Recorded data:
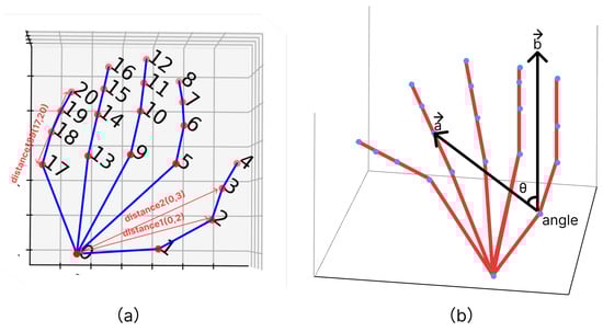 Importantly, angle features are independent of hand size, like distance-based features. This eliminates the impact of the size-related variation. The angle feature calculation formula initially determines the direction vector between two points. Subsequently, it calculates the angle between the vectors using the direction vector and the vector in the X, Y, and Z-axis directions. Let us denote two vectors as and . The angle feature between these spatial vectors is calculated using Equation (5). To calculate the angle from the X-axis, we set vector as (1, 0, 0) in the X-direction, as expressed in Equation (6). Similarly, the formula for calculating the angle from the Y-axis and Z-axis involves setting vector as (0, 1, 0) and (0, 0, 1) in the Y-axis and Z-axis directions, respectively, as shown in Equations (4)–(7). Table 5 provides an example of angle-based features.
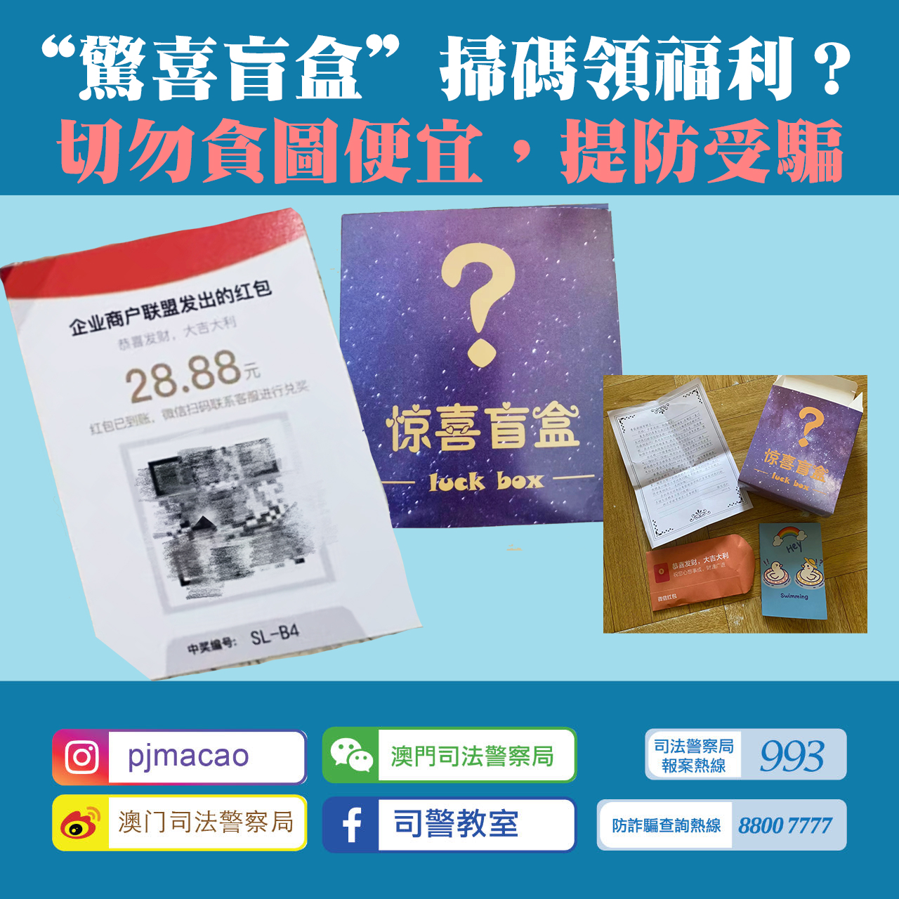 • 司警局呼籲市民提防盲盒掃碼領福利騙局
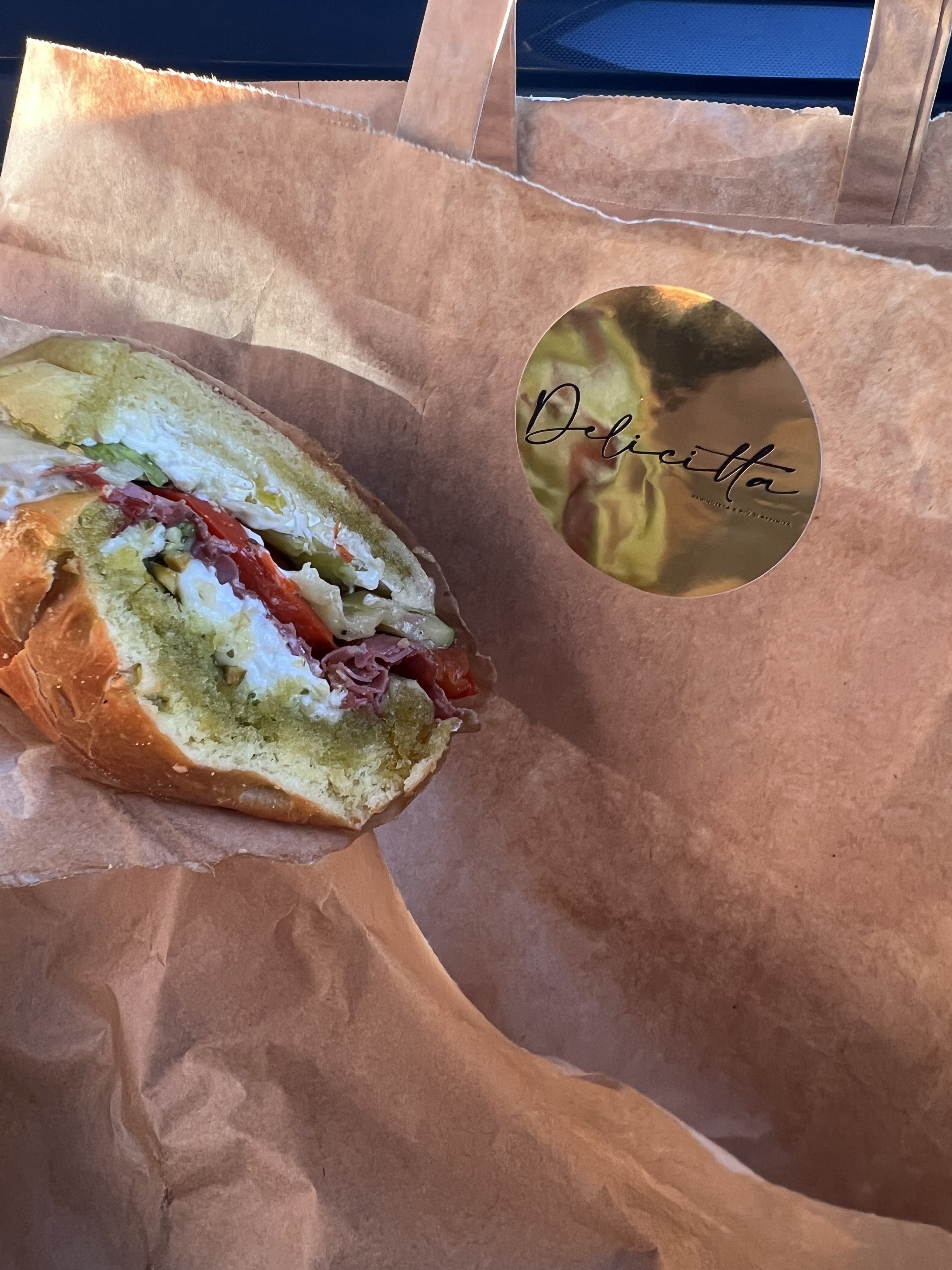 Nous nous sommes rendu au Delicitta ce samedi ! Nous avons mangé un MILANO et nous avons composé un second sandwich ! INCROYABLE sans compter la gentillesse du Monsieur ! Surtout n’oubliez pas de goûter le pain au nocciallata et à la pistache au dessert ! 10/10
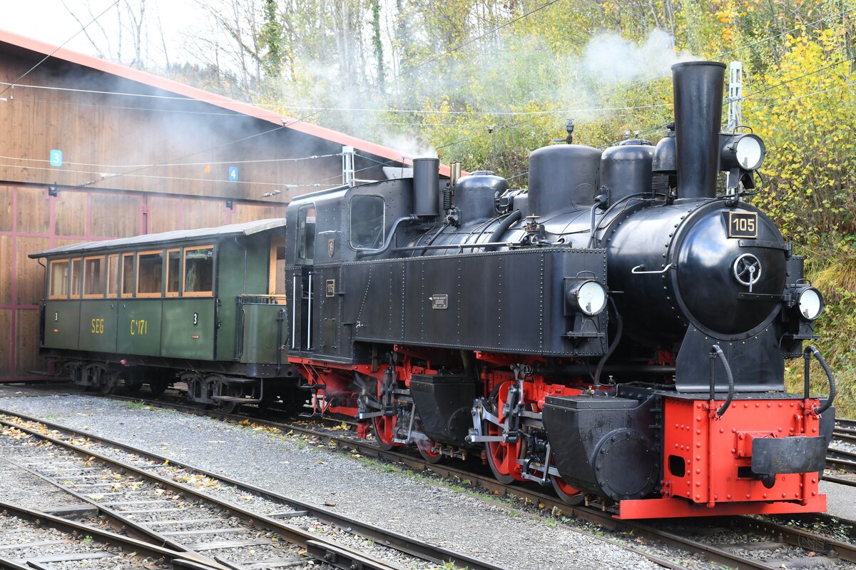 Die Mallet-Dampflok G 2x2/2 SEG 105 "Todtnau“ fährt am 27.05.2023 mit dem Dampfzug der Museumsbahn Blonay-Chamby von Bahnhof Blonay nun wieder hinauf nach Chamby bzw. zum Museum Chaulin.
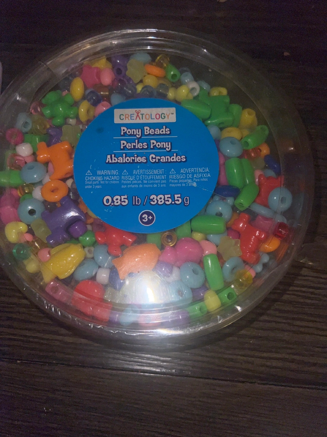 1000+Creatology Pony Beads. Colorful pony beads. Variety of shapes and colors. Great for crafting. Made in China. 3+.
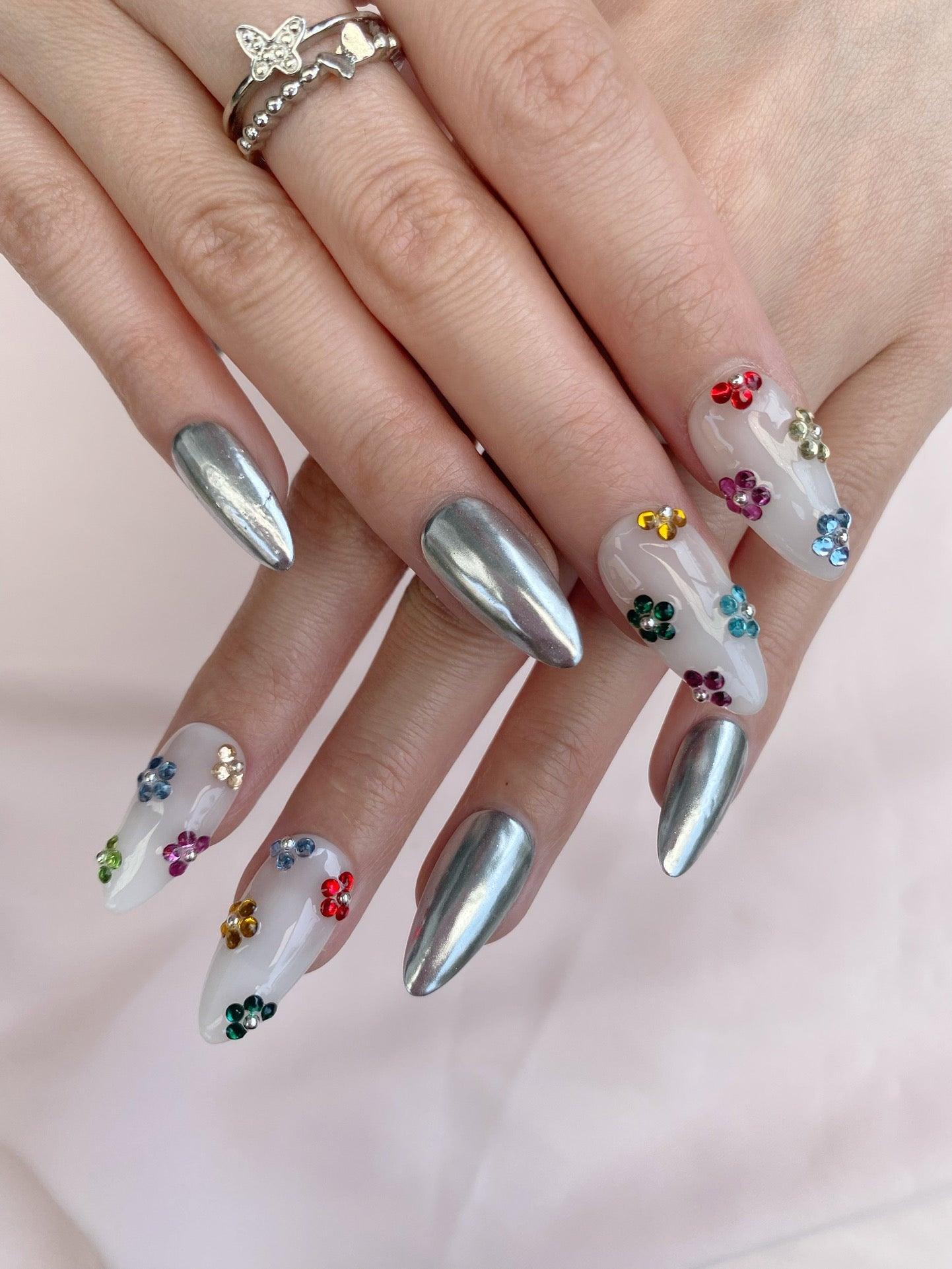 The Crystal Bloom nail design combines dazzling silver mirror effects with vibrant floral rhinestones, offering a unique touch of luxury. Whether for a party or everyday wear, this nail art will make you shine in any setting, highlighting your fashionable taste.
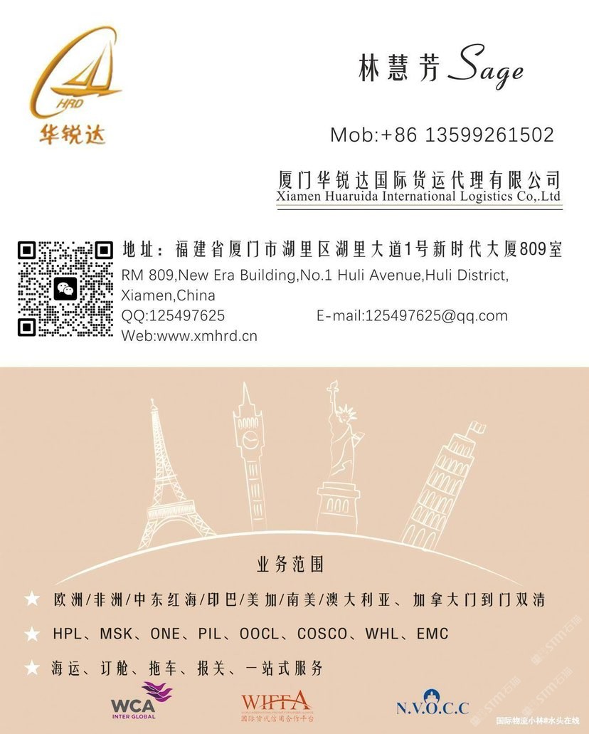 发布信息: 厦门华锐达国际物流专业石材国际运输服务,全面覆盖欧洲、非洲、中东、印巴(印度/巴基斯坦)、南美、澳大利亚及中亚五国等全球主要市场,确保您的石材安全、高效抵达目的地 欢迎询价13599261502
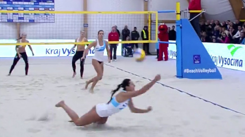 Čehijas mazpilsētas Pelhržimovas hallē turpinās "European Masters" pamatturnīrs pludmales volejbolā. Šo sacensību pusfinālos ilgākā un labākā epizode bija mačā, kur Latvijas sportistes Tīna Graudiņa un Anastasija Kravčenoka cīnījās pret vācietēm Sandru Itlingeri un Kimu Bērensu.Video: CEV - European Volleyball
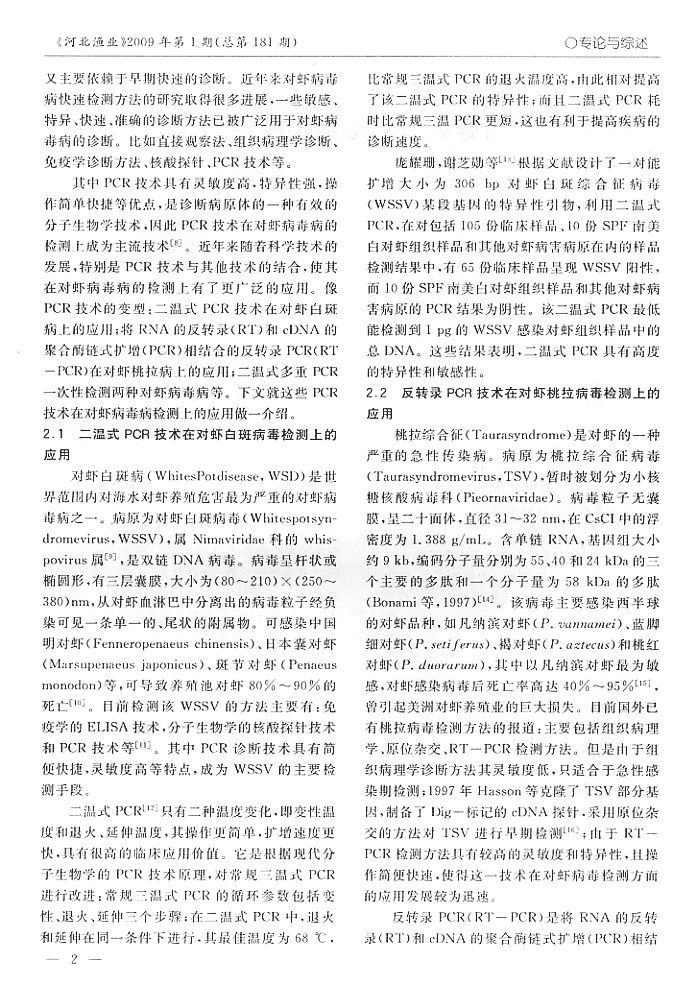PCR 技術(shù)在對蝦病毒病檢測上的應用及研究進展 2

How to complete this task: Without including any image, reproduce the full listing above as written.

Reply to the exercise:
 Importantly, angle features are independent of hand size, like distance-based features. This eliminates the impact of the size-related variation. The angle feature calculation formula initially determines the direction vector between two points. Subsequently, it calculates the angle between the vectors using the direction vector and the vector in the X, Y, and Z-axis directions. Let us denote two vectors as and . The angle feature between these spatial vectors is calculated using Equation (5). To calculate the angle from the X-axis, we set vector as (1, 0, 0) in the X-direction, as expressed in Equation (6). Similarly, the formula for calculating the angle from the Y-axis and Z-axis involves setting vector as (0, 1, 0) and (0, 0, 1) in the Y-axis and Z-axis directions, respectively, as shown in Equations (4)–(7). Table 5 provides an example of angle-based features.
 • 司警局呼籲市民提防盲盒掃碼領福利騙局
 Nous nous sommes rendu au Delicitta ce samedi ! Nous avons mangé un MILANO et nous avons composé un second sandwich ! INCROYABLE sans compter la gentillesse du Monsieur ! Surtout n’oubliez pas de goûter le pain au nocciallata et à la pistache au dessert ! 10/10
 Die Mallet-Dampflok G 2x2/2 SEG 105 "Todtnau“ fährt am 27.05.2023 mit dem Dampfzug der Museumsbahn Blonay-Chamby von Bahnhof Blonay nun wieder hinauf nach Chamby bzw. zum Museum Chaulin.
 1000+Creatology Pony Beads. Colorful pony beads. Variety of shapes and colors. Great for crafting. Made in China. 3+.
 The Crystal Bloom nail design combines dazzling silver mirror effects with vibrant floral rhinestones, offering a unique touch of luxury. Whether for a party or everyday wear, this nail art will make you shine in any setting, highlighting your fashionable taste.
 发布信息: 厦门华锐达国际物流专业石材国际运输服务,全面覆盖欧洲、非洲、中东、印巴(印度/巴基斯坦)、南美、澳大利亚及中亚五国等全球主要市场,确保您的石材安全、高效抵达目的地 欢迎询价13599261502
 Čehijas mazpilsētas Pelhržimovas hallē turpinās "European Masters" pamatturnīrs pludmales volejbolā. Šo sacensību pusfinālos ilgākā un labākā epizode bija mačā, kur Latvijas sportistes Tīna Graudiņa un Anastasija Kravčenoka cīnījās pret vācietēm Sandru Itlingeri un Kimu Bērensu.Video: CEV - European Volleyball
PCR 技術(shù)在對蝦病毒病檢測上的應用及研究進展 2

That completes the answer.